## Problem to work on
For this listing, reproduce the line with "European and American", the line with "According to Giovanni", and the lines between, exactly as they stand. Leave out pictures and all other lines.
··· Recorded information
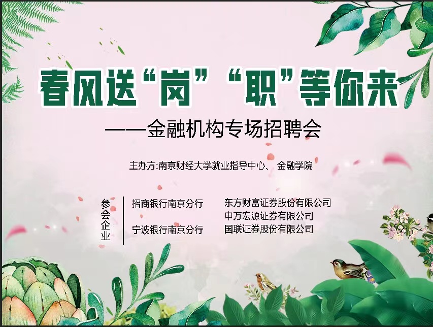 共有招商银行南京分行、宁波银行南京分行、东方财富证券股份有限公司、申万宏源证券股份有限公司、国联期货股份有限公司,5家用人单位参展。
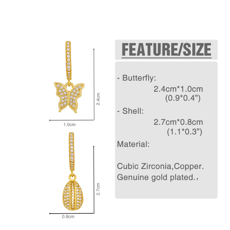 European and American earrings fashion new simple personality creative butterfly earrings shell earrings female diamond earrings eru64
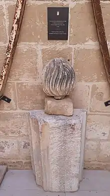 According to Giovanni Francesco Abela, many architectural fragments from Melite were still visible in Mdina in the mid-17th century. From the late 17th to the 19th centuries, some marble columns and other remains from the temples of Apollo[20] and Proserpina,[21] and other buildings from Melite, were taken and sculpted into decorative elements for various houses and churches, including St. Paul's Cathedral in Mdina, St. Paul's Grotto in Rabat and the Franciscan Church of St Mary of Jesus, the Church of the Holy Souls, Auberge d'Italie[22] and the Castellania in Valletta.[23]
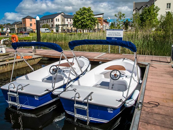 No visit to Carrick-on-Shannon or Leitrim is complete without a trip along the majestic River Shannon. Amongst the many options available to you to do this, is the latest amazing amenity in town and a favourite activity of both our family and friend group guests, – the 100% electric Carrick Day Boats! Turn right when you leave the Carrick Plaza Suites and only one minute's walk towards the Shannon, you'll find the Day Boats behind Moon River Pleasure Cruise at the Quay Wall. Designed to be safe and easy to drive, these boats offer a great way to see the river, the surrounding villages and countryside from a totally different perspective, at your own pace and leisure.
······
## Answer to this exercise
 European and American earrings fashion new simple personality creative butterfly earrings shell earrings female diamond earrings eru64
 According to Giovanni Francesco Abela, many architectural fragments from Melite were still visible in Mdina in the mid-17th century. From the late 17th to the 19th centuries, some marble columns and other remains from the temples of Apollo[20] and Proserpina,[21] and other buildings from Melite, were taken and sculpted into decorative elements for various houses and churches, including St. Paul's Cathedral in Mdina, St. Paul's Grotto in Rabat and the Franciscan Church of St Mary of Jesus, the Church of the Holy Souls, Auberge d'Italie[22] and the Castellania in Valletta.[23]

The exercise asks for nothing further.